I am just unsure on how to approach the problem as I only seem to know how to get it of the form $\Phi(x)$ and not $1-$ some multiple of my CDF
I'll assume you forgot to mention that the $X_i$ are also independent.

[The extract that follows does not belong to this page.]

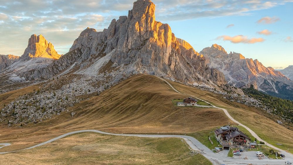 Der Passo di Giau ist ein Gebirgspass zwischen Pocol / Cortina d’Ampezzo und Selva di Cadore in der italienischen Provinz Belluno. Er zählt zu den schönsten Pässen der Dolomiten. Von einem kleinen Hügel hat man diesen wunderschönen Blick über den 2.236 m hoch gelegenen Pass mit dem Monte Nuvolau im Hintergrund. An diesem Morgen hatte ich Glück, es waren ein paar schöne Wolken am Himmel die zusammen mit den Berggipfeln von den ersten Sonnenstrahlen des Tages angeleuchtet wurden.
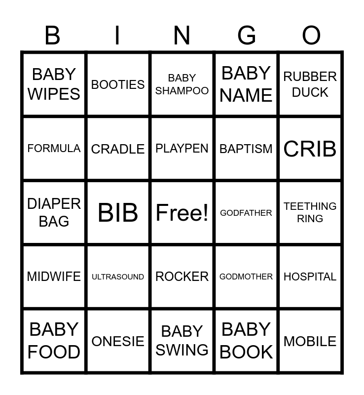 This bingo card has a free space and 49 words: DIAPER, BABY LOTION, BASSINET, BABY BOOK, TEETHING RING, BURP CLOTH, BOOTIES, DOCTOR, BAPTISM, CRAVINGS, FORMULA, BIB, GODMOTHER, MOBILE, BOTTLE, MOTHER GOOSE, BABY SHAMPOO, GODFATHER, RATTLE, BABY WIPES, ONESIE, BABY SWING, BABY NAME, RUBBER DUCK, HIGHCHAIR, ULTRASOUND, PLAYPEN, PATRON SAINT, HOSPITAL, MIDWIFE, BLANKET, ROCKER, BABYSITTER, CAR SEAT, BABY FOOD, CHANGING TABLE, BAPTISMAL GOWN, GRANDMOTHER, CRIB, TEDDY BEAR, NURSERY, MOTHER, GRANDFATHER, LULLABY, DIAPER BAG, CRADLE, FATHER, LOVE and STROLLER.

The central limit theorem implies that $Z_n := \frac{\bar{X} - \mu}{\sigma / \sqrt{n}}$ converges in distribution to a standard normal random variable $Z \sim N(0,1)$. This implies that for any subset $A$, we have $$P(Z_n \in A) \to P(Z \in A).$$
In your example, $A$ is the interval $[-x, x]$, since $P(|Z_n| \le x) = P(-x \le Z_n \le x)$. Thus the limiting probability is $$P(-x \le Z \le x) = \Phi(x) - \Phi(-x) = (1 - \Phi(-x)) - \Phi(-x) = 1 - 2 \Phi(-x),$$ where the equality $\Phi(x) = 1-\Phi(-x)$ follows from symmetry of the normal distribution.